We will create augmented training data by translating the original, English texts to all of the six languages in the test data, and also by back-translating those translations back to English.

The created texts will be stored in seperate columns for each language and for translation and back-translation.

For further training, we can pick individual combinations of augmented data for the training to find out, which works best.


### Import libraries

In [None]:

import numpy as np # linear algebra
import pandas as pd # data processing, CSV file I/O (e.g. pd.read_csv)


### Get datasets

In [None]:
# Connect to Google Drive to access the data files

from google.colab import drive
drive.mount('/content/drive')


Mounted at /content/drive


Since the translation process is very long and prone to errors, we divided the training data into 22 chunks of equal length and performed the translation and back-translation on one chunk at a time. For the further training, the chunks were joined.

In [None]:
# Load test dataset
test = pd.read_csv('/content/drive/MyDrive/JigsawProject/jigsaw-multilingual-toxic-comment-classification/test.csv')
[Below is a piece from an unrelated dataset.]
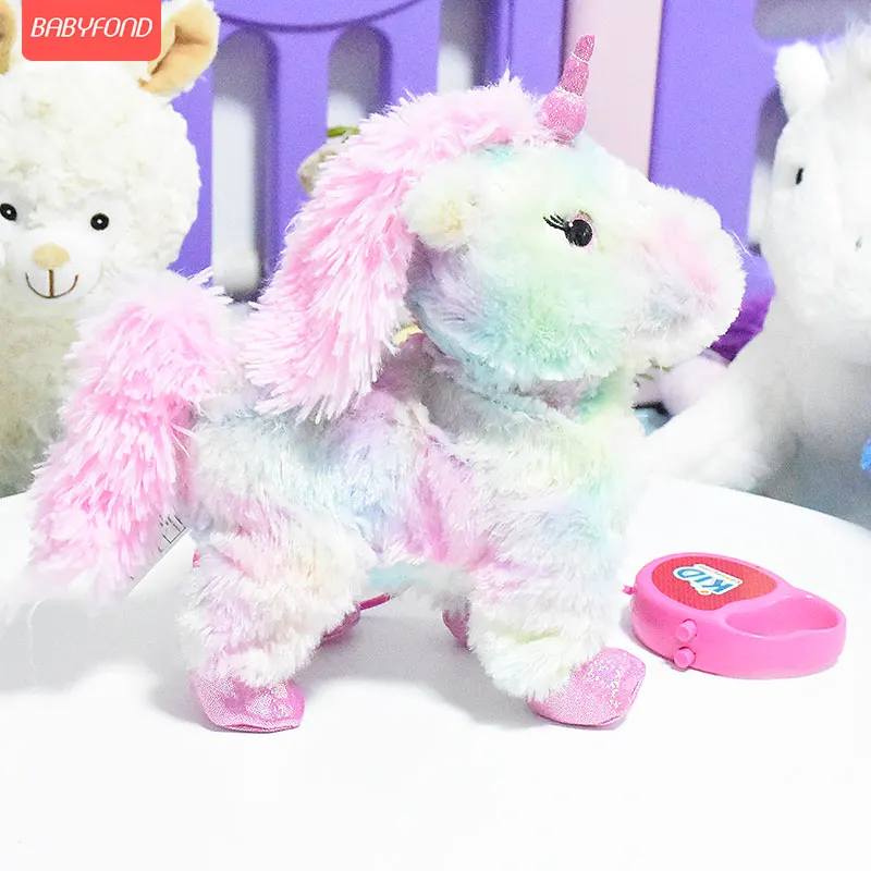 HIGH QUALITY Children's electric plush toy doll unicorn can sing and walk electronic machine color with remote c
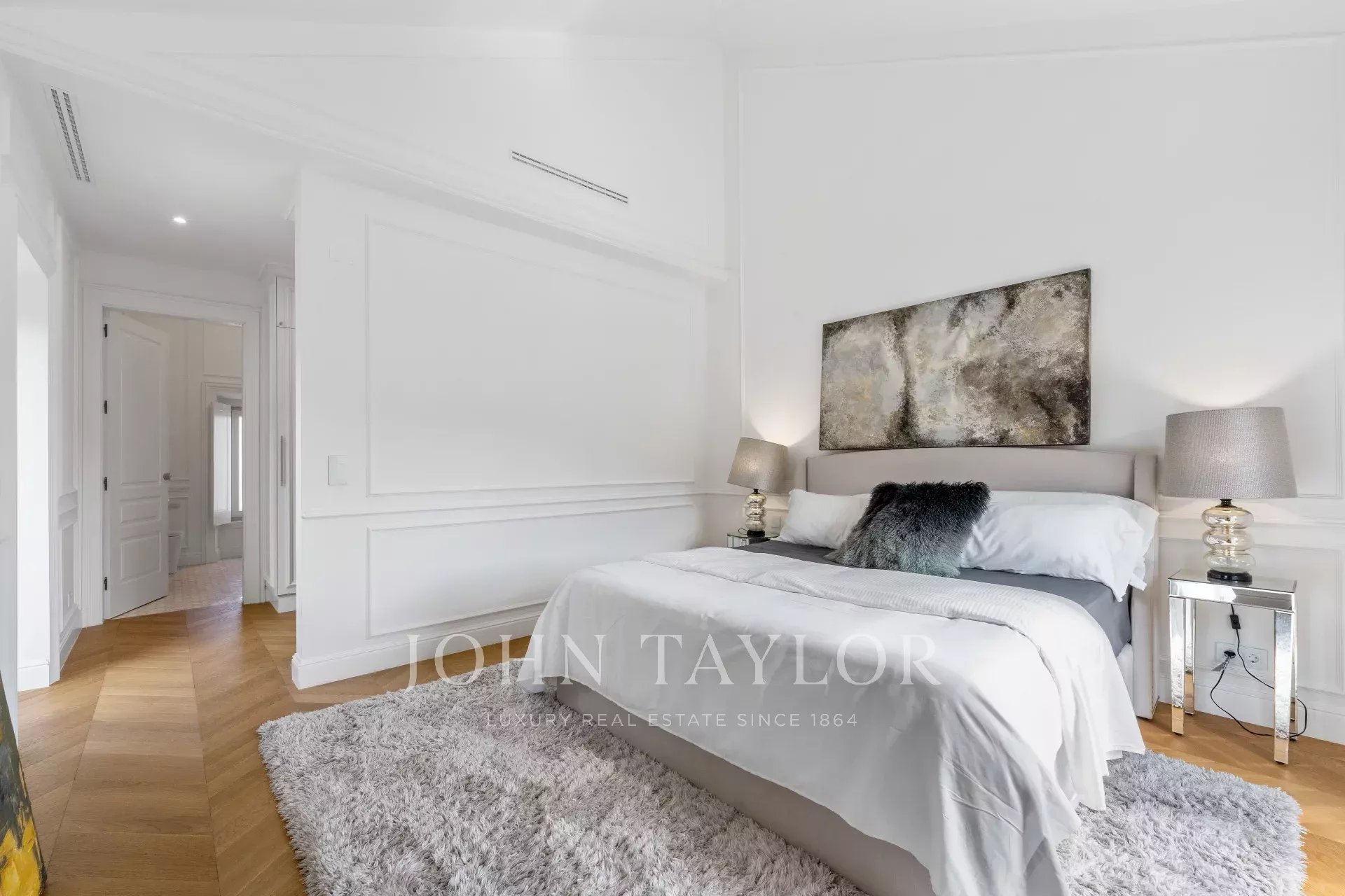 O primeiro andar conta com duas amplas suites, ambas com pé-direito alto e casas de banho elegantes, proporcionando espaços privados confortáveis e luminosos.

# Load a chunk of the trianing dataset
df = pd.read_csv('/content/drive/MyDrive/JigsawProject/jigsaw-multilingual-toxic-comment-classification/df_tox_chunk_12.csv')


## Prepare Google Translator

In [None]:
!pip install deep-translator

Collecting deep-translator
  Downloading deep_translator-1.11.4-py3-none-any.whl.metadata (30 kB)
Downloading deep_translator-1.11.4-py3-none-any.whl (42 kB)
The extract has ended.